Dans le siècle qui vient de s’écouler, avec des avancées technologiques sans précédent, jamais l’homme n’a eu tant accès à l’information, la planète s’est réduite à un village. Toute cette charge d’information se reflète aujourd’hui dans les arts et crée une crise de la littérature et des autres formes d’expression par la banalisation de la parole. Cette crise, ressentie par Drummond, naît à la fin du XIXe siècle et rencontre son apogée à la fin du XXe. Pour beaucoup, la nature, l’art et l’histoire apparaissent sur leur fin. Depuis que Drummond a écrit son oeuvre, jusqu’à aujourd’hui, cette crise s’est intensifiée et nous a conduit à une impasse. Actuellement, avec « la victoire » du capitalisme et de la société de consommation (alors que l’attentat à New York vient ouvrir un nouveau cycle historique), apparemment il n’y a plus rien à discuter. Du fait de l’énorme avance technologique, une machine de la dernière génération devient rapidement obsolète ; on ressent la nécessité de toujours posséder les derniers produits de la technique, ce qui conduit à une fièvre de consommation et un changement perpétuel. Ainsi l’individu contemporain perd sa capacité à retenir le passé, il a la sensation de n’être que dans le présent. On peut alors parler de fin de l’histoire, quoique on soit loin d’un modèle social auquel on pourrait et on devrait aspirer.
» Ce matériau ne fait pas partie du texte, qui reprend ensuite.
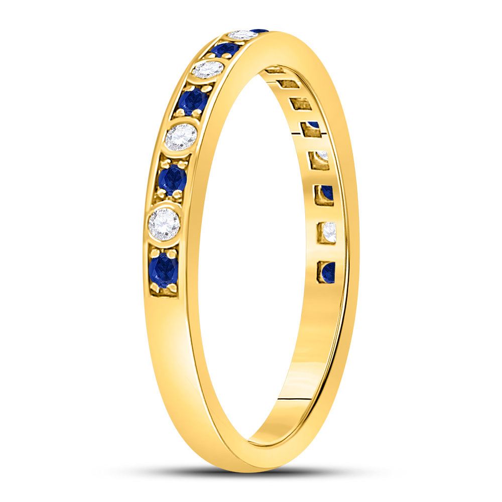 10kt Yellow Gold Womens Round Blue Sapphire Diamond Alternating Stackable Band Ring 1/4 Cttw

A la différence des processus d’évolution de l’art dans le passé, où l’artiste s’appuyait sur l’histoire pour évoluer de façon rectiligne, l’art actuel, une fois perdue la notion du passé, n’a plus d’appui pour prendre son impulsion, il entre dans un mouvement en spirale, qui lui donne le sentiment d’un changement permanent, d’une éternelle nouveauté, d’un recommencement, mais sans jamais sortir de nulle part. Cherchant à se dépasser, le langage artistique est sous la menace de se détruire lui-même.

Voici donc les caractères de l’art actuel, qui sont pressentis de façon mélancolique dans la poésie de Drummond, où l’artiste perçoit la fin d’un cycle et reporte pour le futur le bonheur collectif.

Maria Argentina Húmia Dórrio, UTP (Universidade Tuiuti do Paraná, Curitiba – on retrouve ici la guerre du Paraguay, l’université doit son nom à la bataille de Tuiuti en 1866, ou de Tuyutí).